Hacked Evidence Thrown Out In Ex-Judge's Child Porn Case

Most of the key evidence in the child porn case against former Orange County Judge Ronald Kline was thrown out June 17, after a federal judge ruled it was obtained illegally by a Canadian computer hacker who worked for police investigators. That wiped out most of the case which provoked Kline to withdraw his re-election bid last November.

U.S. District Judge Consuelo Marshall ruled that the diary entries and some 1,500 images downloaded from Kline's home computer was inadmissible on Fourth Amendment grounds, all but killing six of seven charges against the former judge. She set a September 15 hearing date on the seventh charge and the evidence related to that charge, according to the Orange County Register.

Bradley Willman, a British Columbian who had hacked into Kline's computer and gotten the images, told the Register Marshall's ruling disappointed him. "If people are doing something wrong, they are doing something wrong," he told the paper. "It doesn't matter how you get to them."

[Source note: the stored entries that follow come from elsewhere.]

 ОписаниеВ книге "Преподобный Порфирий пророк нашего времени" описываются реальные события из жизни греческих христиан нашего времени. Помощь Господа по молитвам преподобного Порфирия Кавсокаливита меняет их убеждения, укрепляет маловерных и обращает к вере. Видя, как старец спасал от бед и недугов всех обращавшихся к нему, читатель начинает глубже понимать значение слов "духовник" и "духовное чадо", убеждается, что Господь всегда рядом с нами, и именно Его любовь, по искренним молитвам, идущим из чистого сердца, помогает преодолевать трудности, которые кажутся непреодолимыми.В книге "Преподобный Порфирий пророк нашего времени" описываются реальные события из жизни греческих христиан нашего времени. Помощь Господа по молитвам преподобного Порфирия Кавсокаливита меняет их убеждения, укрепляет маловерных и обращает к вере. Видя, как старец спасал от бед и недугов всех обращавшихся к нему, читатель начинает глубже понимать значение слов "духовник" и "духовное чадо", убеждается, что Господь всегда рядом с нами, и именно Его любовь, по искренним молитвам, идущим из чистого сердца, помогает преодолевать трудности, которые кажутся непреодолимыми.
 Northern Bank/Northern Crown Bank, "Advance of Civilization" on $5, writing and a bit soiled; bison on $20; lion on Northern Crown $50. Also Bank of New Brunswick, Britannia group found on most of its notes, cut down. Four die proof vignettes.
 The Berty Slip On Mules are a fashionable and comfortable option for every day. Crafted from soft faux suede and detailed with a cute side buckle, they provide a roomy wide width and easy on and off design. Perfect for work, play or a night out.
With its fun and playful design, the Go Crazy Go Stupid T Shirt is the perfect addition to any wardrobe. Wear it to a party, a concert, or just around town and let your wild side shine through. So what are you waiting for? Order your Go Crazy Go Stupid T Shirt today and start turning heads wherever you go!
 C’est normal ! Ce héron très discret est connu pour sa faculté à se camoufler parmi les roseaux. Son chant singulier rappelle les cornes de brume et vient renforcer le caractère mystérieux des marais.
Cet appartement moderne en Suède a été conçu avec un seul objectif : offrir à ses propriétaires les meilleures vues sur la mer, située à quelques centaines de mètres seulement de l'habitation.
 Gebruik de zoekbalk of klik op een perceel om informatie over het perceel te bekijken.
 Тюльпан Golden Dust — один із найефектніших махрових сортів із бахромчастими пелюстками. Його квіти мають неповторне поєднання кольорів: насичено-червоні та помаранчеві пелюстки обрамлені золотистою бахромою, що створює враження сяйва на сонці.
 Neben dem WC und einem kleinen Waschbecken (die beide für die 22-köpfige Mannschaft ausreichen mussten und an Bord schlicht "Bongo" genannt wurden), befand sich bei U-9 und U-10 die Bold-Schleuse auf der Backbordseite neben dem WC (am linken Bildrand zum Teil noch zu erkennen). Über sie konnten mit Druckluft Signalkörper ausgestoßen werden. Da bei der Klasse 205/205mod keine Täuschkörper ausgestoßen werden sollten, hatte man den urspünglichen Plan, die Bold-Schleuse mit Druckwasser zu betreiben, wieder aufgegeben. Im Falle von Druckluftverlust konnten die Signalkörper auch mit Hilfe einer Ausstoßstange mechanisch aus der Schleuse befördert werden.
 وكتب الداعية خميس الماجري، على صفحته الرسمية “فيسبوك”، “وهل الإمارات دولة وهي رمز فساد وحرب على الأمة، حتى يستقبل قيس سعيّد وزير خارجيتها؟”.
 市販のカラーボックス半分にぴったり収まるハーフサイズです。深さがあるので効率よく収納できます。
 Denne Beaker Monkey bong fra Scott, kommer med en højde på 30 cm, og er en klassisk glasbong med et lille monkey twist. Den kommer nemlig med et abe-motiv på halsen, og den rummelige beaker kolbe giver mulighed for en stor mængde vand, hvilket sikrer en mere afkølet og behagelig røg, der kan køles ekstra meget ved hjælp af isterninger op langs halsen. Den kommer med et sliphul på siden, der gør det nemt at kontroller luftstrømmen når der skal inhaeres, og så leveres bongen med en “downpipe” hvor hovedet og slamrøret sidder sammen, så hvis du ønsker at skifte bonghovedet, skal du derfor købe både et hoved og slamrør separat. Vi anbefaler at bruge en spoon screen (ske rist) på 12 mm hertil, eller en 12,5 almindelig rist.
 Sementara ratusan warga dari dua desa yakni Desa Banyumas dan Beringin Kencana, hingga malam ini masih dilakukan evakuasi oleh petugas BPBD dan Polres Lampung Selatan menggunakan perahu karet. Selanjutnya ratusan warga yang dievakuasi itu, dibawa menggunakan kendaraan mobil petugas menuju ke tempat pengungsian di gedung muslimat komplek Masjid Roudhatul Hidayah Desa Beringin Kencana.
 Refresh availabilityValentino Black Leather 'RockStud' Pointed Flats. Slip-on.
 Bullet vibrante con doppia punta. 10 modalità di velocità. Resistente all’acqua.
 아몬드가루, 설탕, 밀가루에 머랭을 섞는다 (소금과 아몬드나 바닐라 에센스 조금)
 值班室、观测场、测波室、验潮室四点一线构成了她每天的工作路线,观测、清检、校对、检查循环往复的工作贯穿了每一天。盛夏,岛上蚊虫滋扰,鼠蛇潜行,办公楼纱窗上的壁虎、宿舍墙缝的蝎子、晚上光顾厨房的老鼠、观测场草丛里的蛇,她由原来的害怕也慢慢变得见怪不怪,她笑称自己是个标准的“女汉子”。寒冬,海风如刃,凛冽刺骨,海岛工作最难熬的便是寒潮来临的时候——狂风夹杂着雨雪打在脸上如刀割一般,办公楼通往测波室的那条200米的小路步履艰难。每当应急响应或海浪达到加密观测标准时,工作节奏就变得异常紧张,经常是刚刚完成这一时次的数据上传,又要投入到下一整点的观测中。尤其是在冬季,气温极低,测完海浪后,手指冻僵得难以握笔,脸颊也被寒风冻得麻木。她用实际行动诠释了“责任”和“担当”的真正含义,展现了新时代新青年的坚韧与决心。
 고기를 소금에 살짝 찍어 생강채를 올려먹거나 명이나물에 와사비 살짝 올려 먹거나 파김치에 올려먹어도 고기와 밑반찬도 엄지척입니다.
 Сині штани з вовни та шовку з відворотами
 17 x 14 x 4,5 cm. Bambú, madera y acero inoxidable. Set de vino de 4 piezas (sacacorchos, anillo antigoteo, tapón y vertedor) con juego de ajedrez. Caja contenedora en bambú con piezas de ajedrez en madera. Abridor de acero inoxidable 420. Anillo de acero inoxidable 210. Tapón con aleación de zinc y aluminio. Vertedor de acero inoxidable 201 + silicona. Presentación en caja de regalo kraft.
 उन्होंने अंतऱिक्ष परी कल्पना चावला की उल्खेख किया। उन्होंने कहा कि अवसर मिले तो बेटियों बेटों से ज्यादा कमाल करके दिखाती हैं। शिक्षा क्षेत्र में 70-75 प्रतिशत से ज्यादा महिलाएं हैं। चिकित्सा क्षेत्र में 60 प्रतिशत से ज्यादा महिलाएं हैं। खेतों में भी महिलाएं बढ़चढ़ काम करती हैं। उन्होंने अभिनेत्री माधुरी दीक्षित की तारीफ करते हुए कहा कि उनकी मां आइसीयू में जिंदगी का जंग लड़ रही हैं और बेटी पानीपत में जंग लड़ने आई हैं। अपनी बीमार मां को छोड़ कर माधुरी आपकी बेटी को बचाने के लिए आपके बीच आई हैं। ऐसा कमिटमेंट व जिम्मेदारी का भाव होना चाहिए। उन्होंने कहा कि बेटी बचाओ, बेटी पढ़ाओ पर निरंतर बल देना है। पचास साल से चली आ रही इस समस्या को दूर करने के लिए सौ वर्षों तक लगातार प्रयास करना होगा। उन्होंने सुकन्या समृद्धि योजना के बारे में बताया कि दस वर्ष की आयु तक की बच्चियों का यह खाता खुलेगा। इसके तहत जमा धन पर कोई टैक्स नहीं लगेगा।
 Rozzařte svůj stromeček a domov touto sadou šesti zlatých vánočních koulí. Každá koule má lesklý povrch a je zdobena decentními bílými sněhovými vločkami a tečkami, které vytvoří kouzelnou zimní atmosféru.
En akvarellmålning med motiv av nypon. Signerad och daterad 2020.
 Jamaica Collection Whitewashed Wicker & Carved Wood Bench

Oh, yes it does, Marshall's ruling said. The ruling noted Willman identified himself as a law enforcement agent when he was deposed in the Kline case, and that law enforcement offered him immunity from arrest.

The remaining charge against Kline involves digital images of naked boys taken from his work computer. Kline's attorney argued that that evidence should be thrown out because it was taken based on evidence provided by Willman, the Register said.